[Extracted data entries]
****
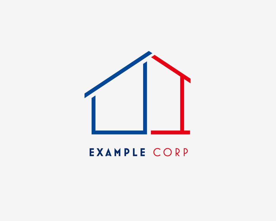 青と赤のコントラストが目を引く、シンプルながらも印象的な住宅のロゴです。二つの家が寄り添うようなデザインは、安心感や繋がり、そして温かい家庭を想起させます。すっきりとしたラインが、信頼性と誠実さを感じさせます。
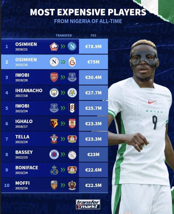北京时间7月31日,在奥斯梅恩即将正式以7500万欧元的价格转会加拉塔萨雷的情况下,德转统计出了尼日利亚球员历史转会身价榜,奥斯梅恩独占前二。
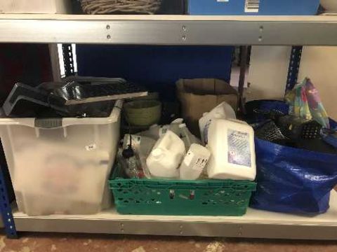 A large quantity of commercial washing liquids and cleaners - dishes and bowls, crate of menu stands, bag of frying baskets, grater, platters etc
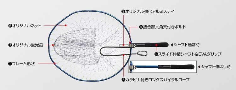 From the newly redesigned frame to upgraded features like a custom EVA grip, telescopic shaft, and carabiner-attached long spiral rope, every part is customized for smoother and more reliable fish landings.
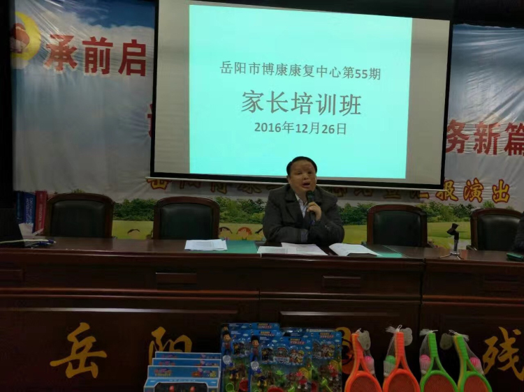 2016年12月26日,岳阳市博康康复中心举办了第55期培训班。本次培训班以感恩教育为主题,特别邀请了著名作家、岳阳市政协委员、岳阳市残疾人劳动就业服务中心主任姚平作专题报告,博康郭琪老师作《怎样学会感恩》专题知识讲座,语训部、培智部家长代表作感恩经验分享。
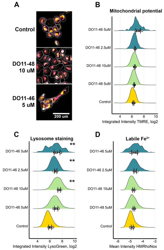 Measurement of mitochondria activity, labile Fe levels, and lysosomes accumulation in H1299 cells. (A) Images of cells treated with DO11-46 and DO11-48 for 72 h and then stained with potential-dependent mitochondria stain TMRE (magenta), lysosome stain LysoGreen (yellow), and tubulin stain Tubulin Tracker Deep Red (grey). Cell borders were identified using DNA-stain Hoechst-33342 and Tubulin Tracker Deep Red using Cellpose and CellProfiler. Identified cells are outlined in white. (B) Distribution of mitochondrial staining with TMRE. (C) Distribution of lysosome staining with LysoGreen. (D) Distribution of labile Fe2+ stained with HMRhoNox-M. Dots represent the mean values for each image, SD for the mean values across different images are shown, and distribution is computed based on overall number of cells, ranging from 500 to 4000 cells. Experiments were repeated three times, and, for each repeat, 4 random images were taken using automated microscopy, and at least 125 cells were analyzed. ** p-value < 0.01 as determined by two-tailed t-test.
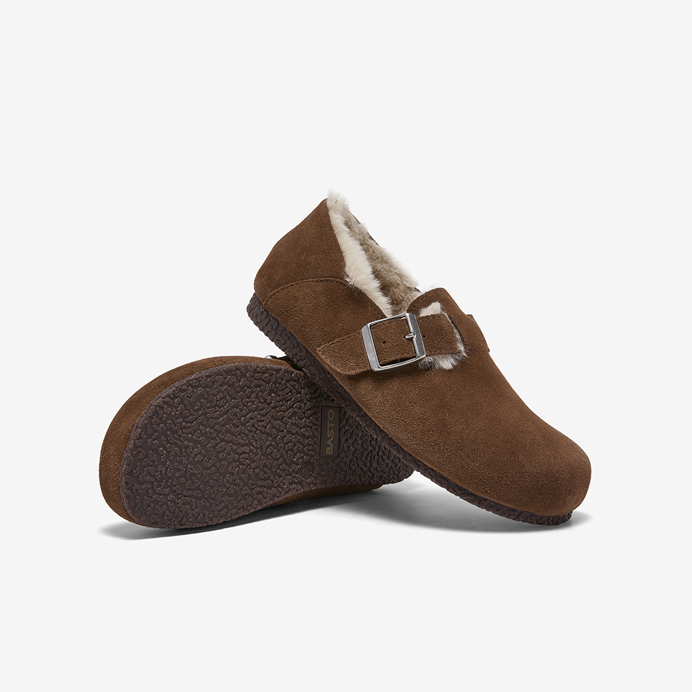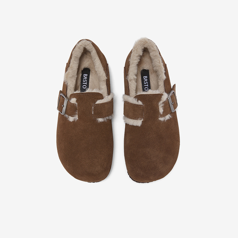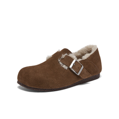 百思图2025冬季新款勃肯鞋时尚复古休闲加绒保暖女单鞋P8301DM5
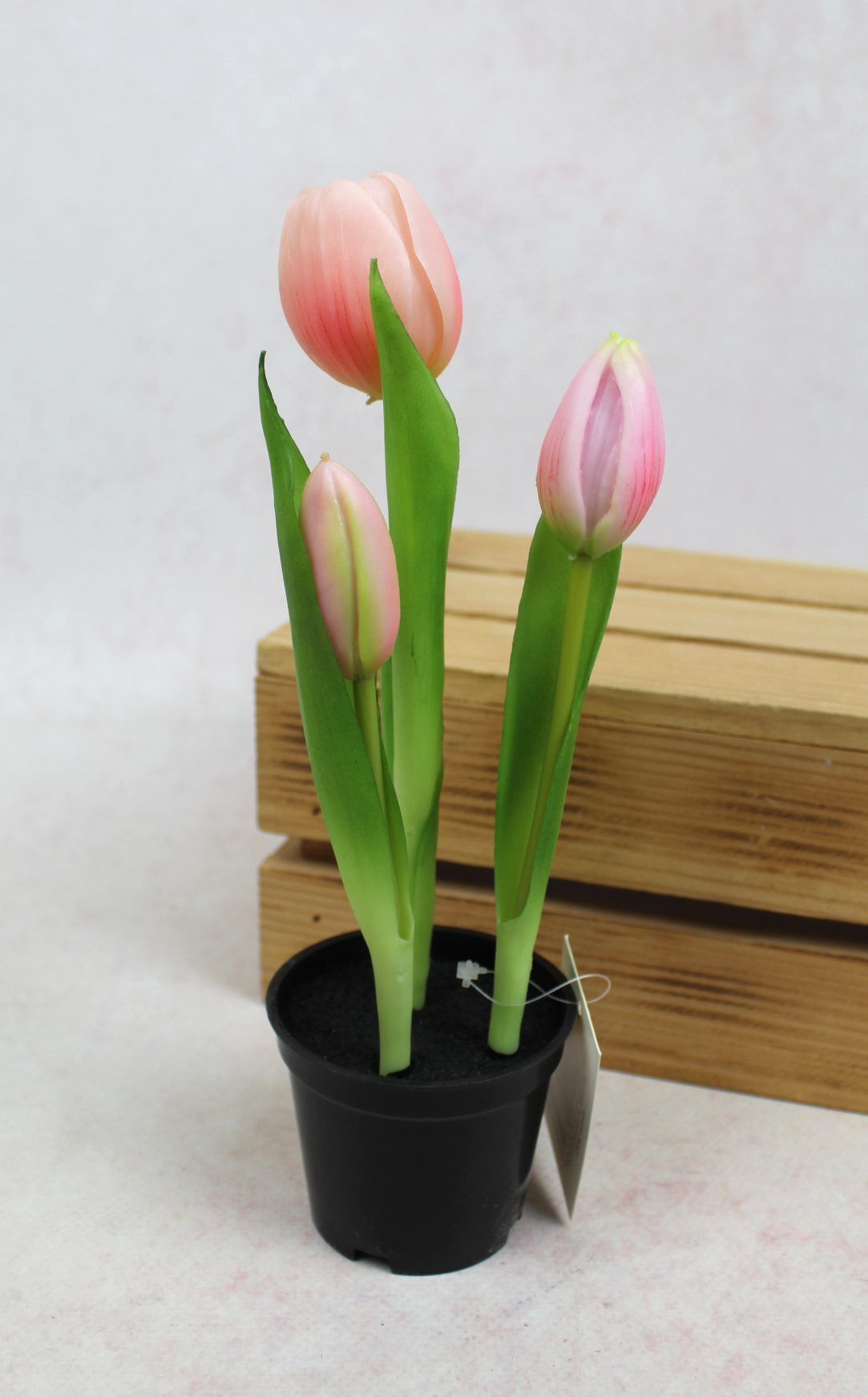 Kwiat TULIPAN gumowy w doniczce 23 cm, 3 kwiaty RÓŻOWY
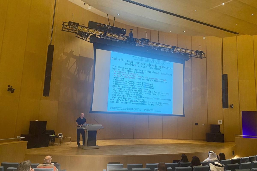 نظم قسم اللغة الانكليزية وآدابها في كلية الاداب بجامعة الكويت، صباح اليوم، مؤتمر «الاتجاهات الحالية في البحث اللغوي: وجهات نظر المتن والذكاء الاصطناعي» بمشاركة العديد من الدول والاساتذة في مركز المؤتمرات بالحرم الجامعي بمدينة صباح السالم الجامعية.
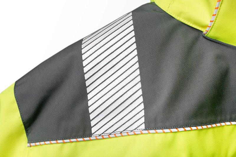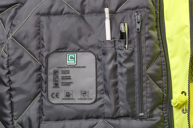 Standard EN ISO 20471 Class 3 EN 343 Class 3/3, EN ISO 13688	Upper 100% polyester, Oxford, highly breathable PU coating	Sizes S-XXXXL	Colour fluorescent yellow, grey contrasted	Breathability 5.000 g/m²/24h	Water column 10.000 mm	Reinforcement 100% polyamide, (Cordura®)	Lining 100% polyester	Padding 100% polyester	 high quality and efficient jacket	 wind and watererdi, highly breathable	 Welded seams	 thermofixed reflective strips, thus no additional seams	 Reflective strip made of 3MScotchlite 5510 Reflective material	 robust Oxford fabric: oil- and dirt-repellent, highly abrasion- and tear-resistant	 Cordura® inserts on sleeves, shoulder and hem ensure long durability	 concealed 2-way YKK® front zip with Velcro fasteners	 removable, warming quilted lining with knitted cuffs at the cuffs	 modern and ergonomic fit	 Movement folds in the back	 Forearm ventilation with zippers	 adjustable waist, hem and sleeve hem	 detachable storm hood with fleece lining	 easy emblem application due
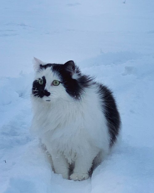 Store runde øyne, sorte avtegn på rygg, hode og fjes. Sort hale. Stor katt med kraftige poter. Helhvit under mage.
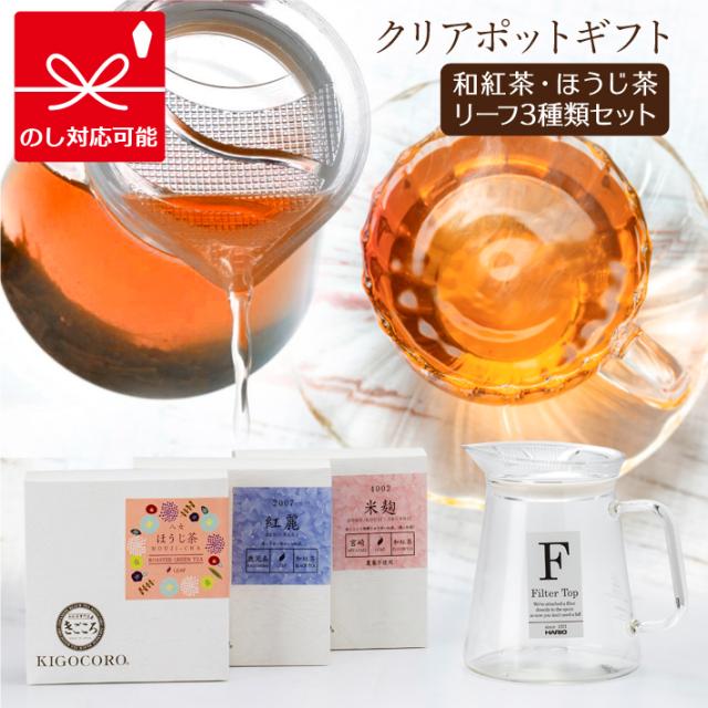 きごころ クリアポットと 和紅茶 ・ ほうじ茶 ギフト(紅麗・米麹・八女ほうじ茶) リーフタイプ 紅茶 国産紅茶 熨斗 のし 無添加 贈答用
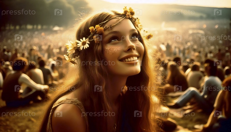 Хиппи-девушка на Вудстоке, Ai generated image A
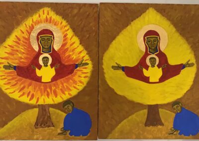 Mon style est assez polyvalent. Je produis principalement de l’art chrétien. J’adore la peinture d’icônes et j’ « écris » des icônes depuis plus de 25 ans. J’aime peindre des icônes personnalisées pour les gens. Mais j’aime aussi faire des croquis et dessiner. En cours de route, j’ai développé l’art des mandalas bibliques.
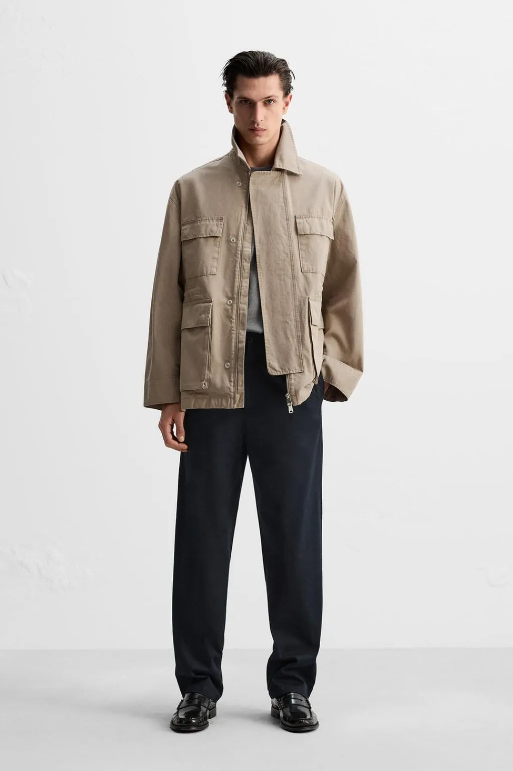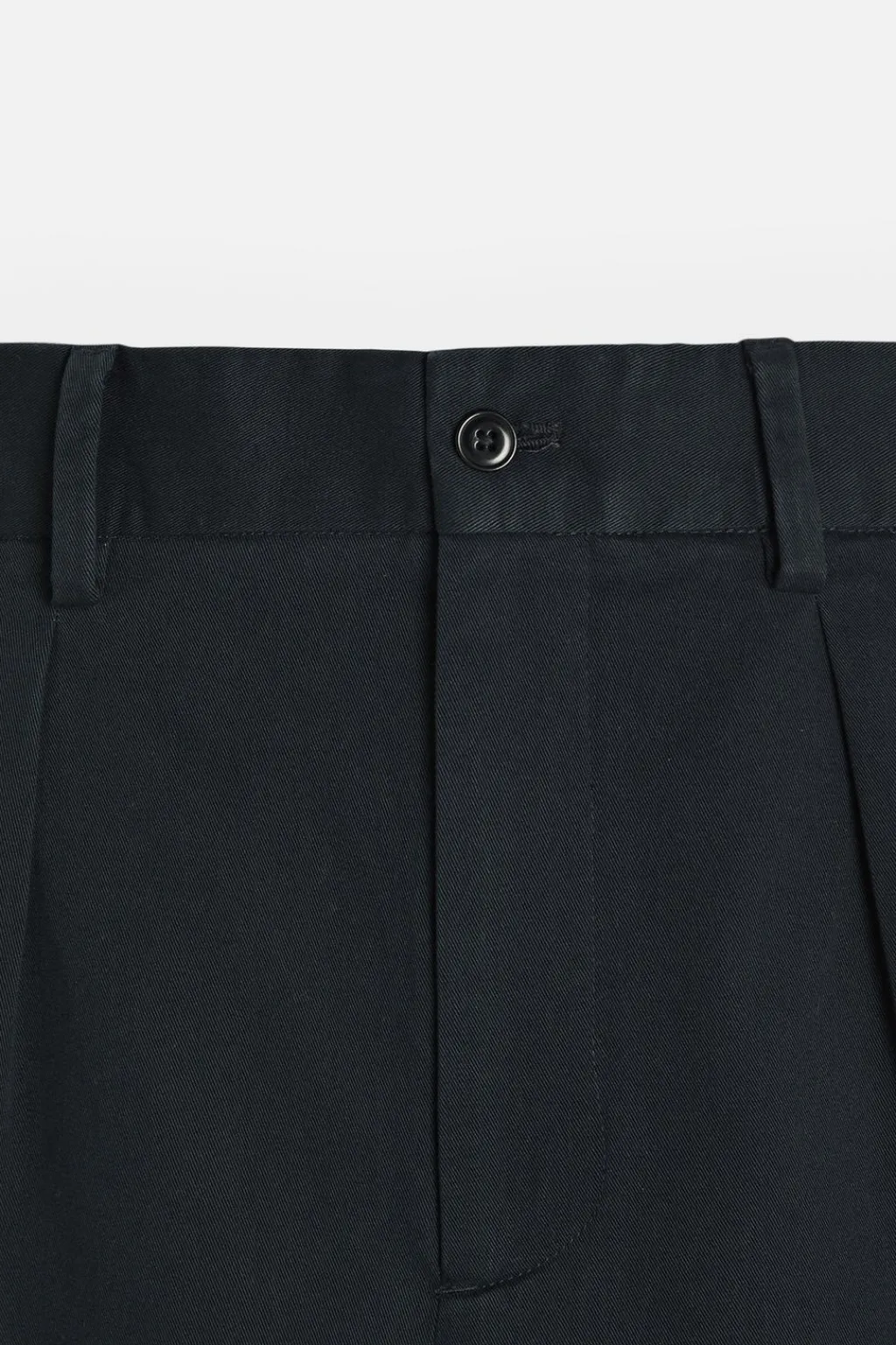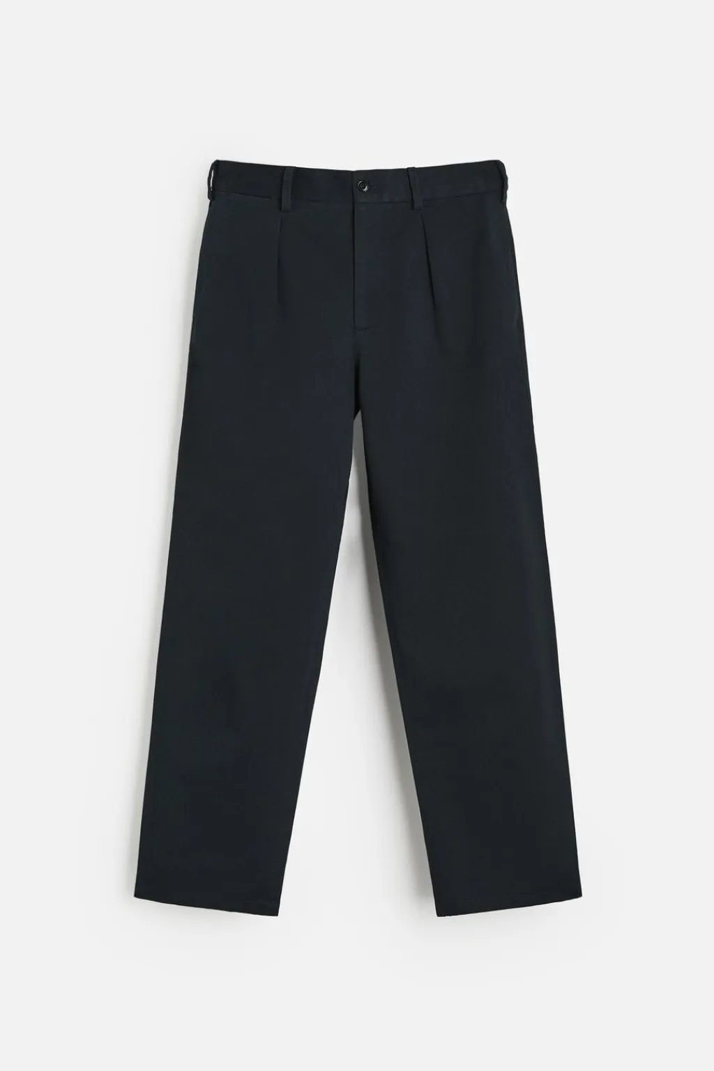 Pantalón regular fit confeccionado en tejido de algodón con estructura diagonal. Cintura con detalle de pliegues frontales. Bolsillos en delantero y detalle de bolsillos traseros de doble vivo con botón. Cierre frontal con cremallera y botón.
****
= AIM OF THE EXERCISE =
With the pictures removed, return each record above exactly as given.

= ANSWER BOX =
 青と赤のコントラストが目を引く、シンプルながらも印象的な住宅のロゴです。二つの家が寄り添うようなデザインは、安心感や繋がり、そして温かい家庭を想起させます。すっきりとしたラインが、信頼性と誠実さを感じさせます。
北京时间7月31日,在奥斯梅恩即将正式以7500万欧元的价格转会加拉塔萨雷的情况下,德转统计出了尼日利亚球员历史转会身价榜,奥斯梅恩独占前二。
 A large quantity of commercial washing liquids and cleaners - dishes and bowls, crate of menu stands, bag of frying baskets, grater, platters etc
 From the newly redesigned frame to upgraded features like a custom EVA grip, telescopic shaft, and carabiner-attached long spiral rope, every part is customized for smoother and more reliable fish landings.
 2016年12月26日,岳阳市博康康复中心举办了第55期培训班。本次培训班以感恩教育为主题,特别邀请了著名作家、岳阳市政协委员、岳阳市残疾人劳动就业服务中心主任姚平作专题报告,博康郭琪老师作《怎样学会感恩》专题知识讲座,语训部、培智部家长代表作感恩经验分享。
 Measurement of mitochondria activity, labile Fe levels, and lysosomes accumulation in H1299 cells. (A) Images of cells treated with DO11-46 and DO11-48 for 72 h and then stained with potential-dependent mitochondria stain TMRE (magenta), lysosome stain LysoGreen (yellow), and tubulin stain Tubulin Tracker Deep Red (grey). Cell borders were identified using DNA-stain Hoechst-33342 and Tubulin Tracker Deep Red using Cellpose and CellProfiler. Identified cells are outlined in white. (B) Distribution of mitochondrial staining with TMRE. (C) Distribution of lysosome staining with LysoGreen. (D) Distribution of labile Fe2+ stained with HMRhoNox-M. Dots represent the mean values for each image, SD for the mean values across different images are shown, and distribution is computed based on overall number of cells, ranging from 500 to 4000 cells. Experiments were repeated three times, and, for each repeat, 4 random images were taken using automated microscopy, and at least 125 cells were analyzed. ** p-value < 0.01 as determined by two-tailed t-test.
 百思图2025冬季新款勃肯鞋时尚复古休闲加绒保暖女单鞋P8301DM5
 Kwiat TULIPAN gumowy w doniczce 23 cm, 3 kwiaty RÓŻOWY
 نظم قسم اللغة الانكليزية وآدابها في كلية الاداب بجامعة الكويت، صباح اليوم، مؤتمر «الاتجاهات الحالية في البحث اللغوي: وجهات نظر المتن والذكاء الاصطناعي» بمشاركة العديد من الدول والاساتذة في مركز المؤتمرات بالحرم الجامعي بمدينة صباح السالم الجامعية.
 Standard EN ISO 20471 Class 3 EN 343 Class 3/3, EN ISO 13688	Upper 100% polyester, Oxford, highly breathable PU coating	Sizes S-XXXXL	Colour fluorescent yellow, grey contrasted	Breathability 5.000 g/m²/24h	Water column 10.000 mm	Reinforcement 100% polyamide, (Cordura®)	Lining 100% polyester	Padding 100% polyester	 high quality and efficient jacket	 wind and watererdi, highly breathable	 Welded seams	 thermofixed reflective strips, thus no additional seams	 Reflective strip made of 3MScotchlite 5510 Reflective material	 robust Oxford fabric: oil- and dirt-repellent, highly abrasion- and tear-resistant	 Cordura® inserts on sleeves, shoulder and hem ensure long durability	 concealed 2-way YKK® front zip with Velcro fasteners	 removable, warming quilted lining with knitted cuffs at the cuffs	 modern and ergonomic fit	 Movement folds in the back	 Forearm ventilation with zippers	 adjustable waist, hem and sleeve hem	 detachable storm hood with fleece lining	 easy emblem application due
 Store runde øyne, sorte avtegn på rygg, hode og fjes. Sort hale. Stor katt med kraftige poter. Helhvit under mage.
 きごころ クリアポットと 和紅茶 ・ ほうじ茶 ギフト(紅麗・米麹・八女ほうじ茶) リーフタイプ 紅茶 国産紅茶 熨斗 のし 無添加 贈答用
 Хиппи-девушка на Вудстоке, Ai generated image A
 Mon style est assez polyvalent. Je produis principalement de l’art chrétien. J’adore la peinture d’icônes et j’ « écris » des icônes depuis plus de 25 ans. J’aime peindre des icônes personnalisées pour les gens. Mais j’aime aussi faire des croquis et dessiner. En cours de route, j’ai développé l’art des mandalas bibliques.
 Pantalón regular fit confeccionado en tejido de algodón con estructura diagonal. Cintura con detalle de pliegues frontales. Bolsillos en delantero y detalle de bolsillos traseros de doble vivo con botón. Cierre frontal con cremallera y botón.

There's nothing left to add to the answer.